When a boot loader is present, it is common for the microcontroller vendor to implement a memory map-switching feature called “remap” on the system bus. The switching of the memory map is controlled by a hardware register, which is programmed when the boot loader is executed. There are various types of remap arrangements. One common remap arrangement is to allow the boot loader to be mapped to the start of the memory during the power-up phase using address alias, as shown in Figure 7.4.
The boot loader might also support additional features like hardware initialization (clock and PLL setup), supporting of multiple boot configurations, firmware protection, or even flash erase utilities. The memory remap feature is implemented on the system bus and is not a part of the Cortex-M0 processor, therefore different microcontrollers from different vendors have different implementations.
Another common type of remap feature implemented on some ARM microcontrollers allows an SRAM block to be remapped to address 0x0 (Figure 7.5). Normally nonvolatile memory used on microcontrollers like flash memory is slower than SRAM. When the microcontroller is running at a high clock rate, wait states would be required if the program is executed from the flash memory. By allowing an SRAM memory block to be remapped to address 0x0, then the program can be copied to SRAM and executed at maximum speed. This also avoids wait states in vector table fetch, which affects interrupt latency.
Data Memory
The data memory in Cortex-M0 processor is used for software variables, stack memory, and, in some cases, heap memory. Sometimes local variables in C functions could be stored onto the stack memory. The heap memory is needed when the applications use C functions that require dynamically allocated memory space.
In most embedded applications without operating systems (OSs), only one stack is used (only the main stack pointer is required). In this case, the data memory can be arranged as shown in (Figure 7.6).
Because the stack operation is based on a full descending stack arrangement, and heap memory allocation is ascending, it is common to put the stack at the end of the memory block and heap memory just after normal memory to get the most efficient arrangement.
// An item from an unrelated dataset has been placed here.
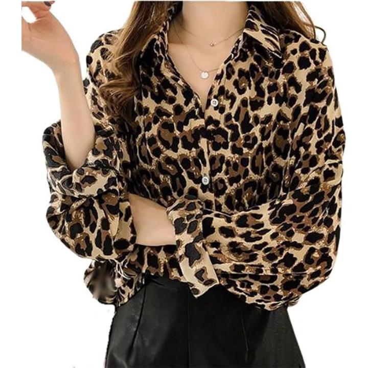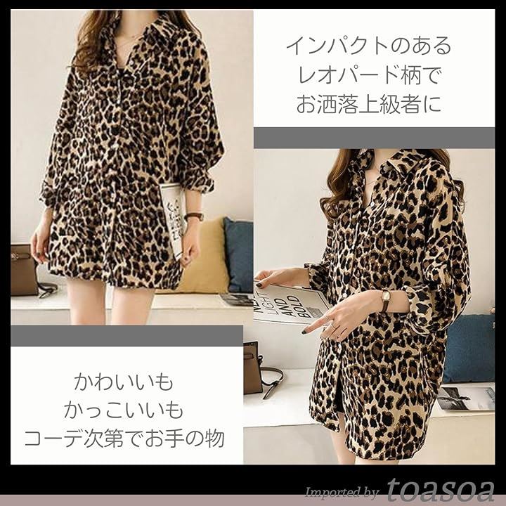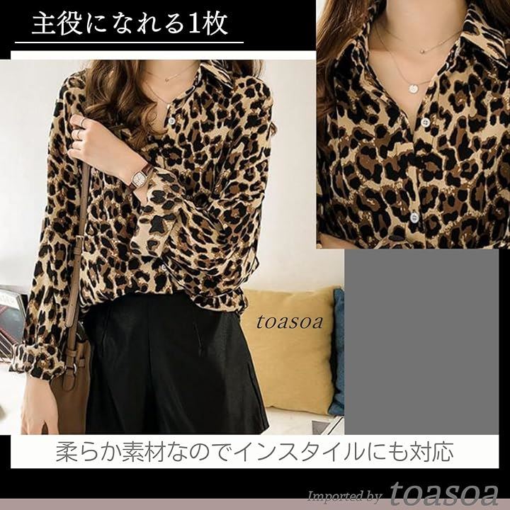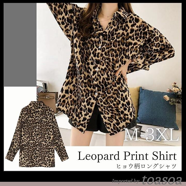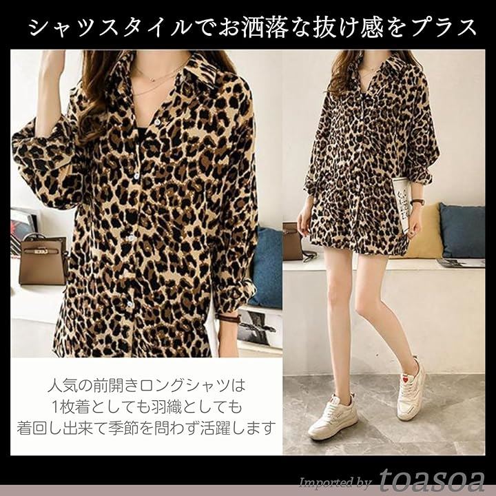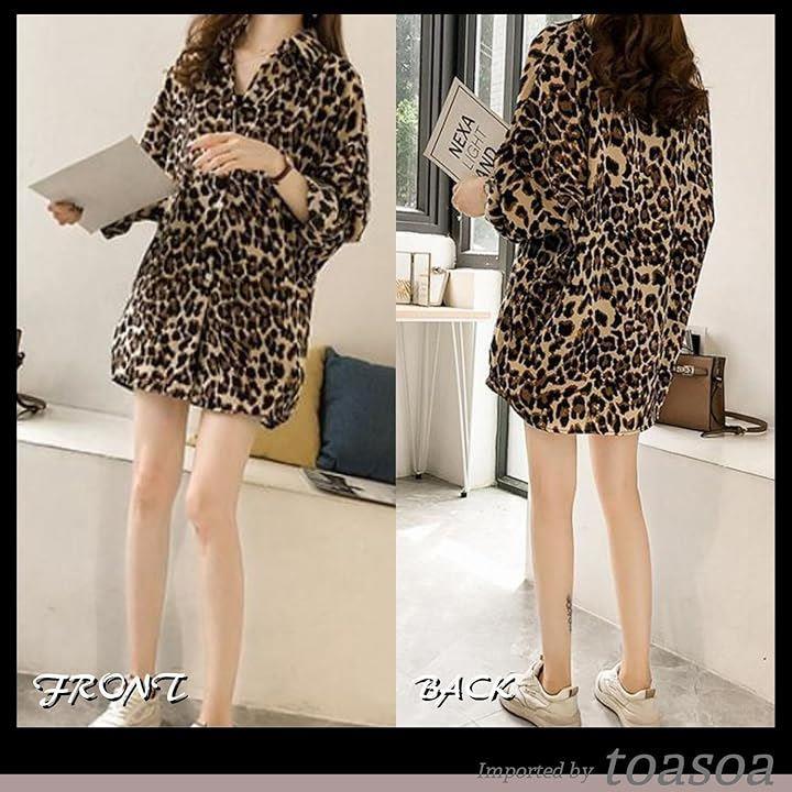 ヒョウ柄 シャツ レディース 長袖 ブラウス ロング おしゃれ カジュアル 薄手 柄物

For embedded applications with embedded OS, each task might have its own stack memory range (see Figure 4.15 from Chapter 4). It is also possible for each task to have its own allocated memory block, with each memory block containing a memory layout consisting of stack, heap, and data.
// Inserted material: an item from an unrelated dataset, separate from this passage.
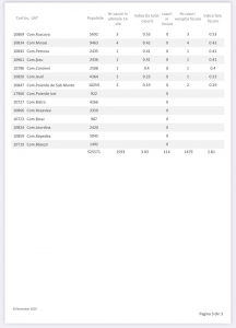 Însă, clasamentul incidenței are altă ordine, întrucât se calculează numărul de cazuri la mia de locuitori. Trebuie precizat și că luată în considerare este incidența calculată fără focare! Astfel, pe primul loc se află, acum, comuna Dumbrăvița (24 cazuri în 14 zile – incidența 5,48), urmată de Coaș (8 cazuri în 14 zile – incidența 5,22) și orașul Baia-Sprie (88 cazuri în 14 zile – incidența 5,12). În clasament vine, apoi, orașul Cavnic (total 35 cazuri în 14 zile – incidența 6,83 cu focare; 9 cazuri sunt în focare; 26 cazuri în 14 zile, fără focare – incidența 5,07). Clasamentul este continuat de Groși (16 cazuri în 14 zile – incidența 5,05), Asuaju de Sus (6 cazuri în 14 zile – incidența 4,72), Mireșu Mare (22 cazuri în 14 zile – incidența 4,58), respectiv municipiul Baia Mare (total 687 cazuri în 14 zile – incidența 4,73; 34 cazuri în focare; 653 cazuri în 14 zile, fără focare – incidența 4,49). În clasament urmează orașul Seini (41 cazuri în 14 zile – incidența 4,19) și comuna Băiuț (9 cazuri în 14 zile – incidența 4,05).

Little Endian and Big Endian Support
The Cortex-M0 processor supports either the little endian or big endian memory format (Figure 7.7 and Figure 7.8). The microcontroller vendor makes the choice when the system is designed, and embedded programmers cannot change it. Software developers must configure their development tools project options to match the endianness of the targeted microcontroller.
The big endian mode supported on the Cortex-M0 processor is called the Byte-Invariant big endian mode, or “BE8.” It is one of the big endian modes in ARM architectures. Traditional ARM processors, like ARM7TDMI, use a different big endian mode called the Word-Invariant big endian mode, or “BE32.” The difference between the two is on the hardware interface level and does not affect the programmer’s view.
Most of the Cortex-M0 processor–based microcontrollers are using the little endian configuration. With the little endian arrangement, the lowest byte of a word-size data is stored in bit 0 to bit 7 (Figure 7.7).
In the big endian configuration, the lowest byte of a word-size data is stored in bit 24 to bit 31 (Figure 7.8)
Both memory configurations support data handling of different sizes. The Cortex-M0 processor can generate byte, half-word, and word transfers. When the memory is accessed, the memory interface selects the data lanes base on the transfer size and the lowest two bits of the address. Figure 7.9 illustrates the data access for little endian systems.
Similarly, a big endian system supports data access of different sizes (Figure 7.10).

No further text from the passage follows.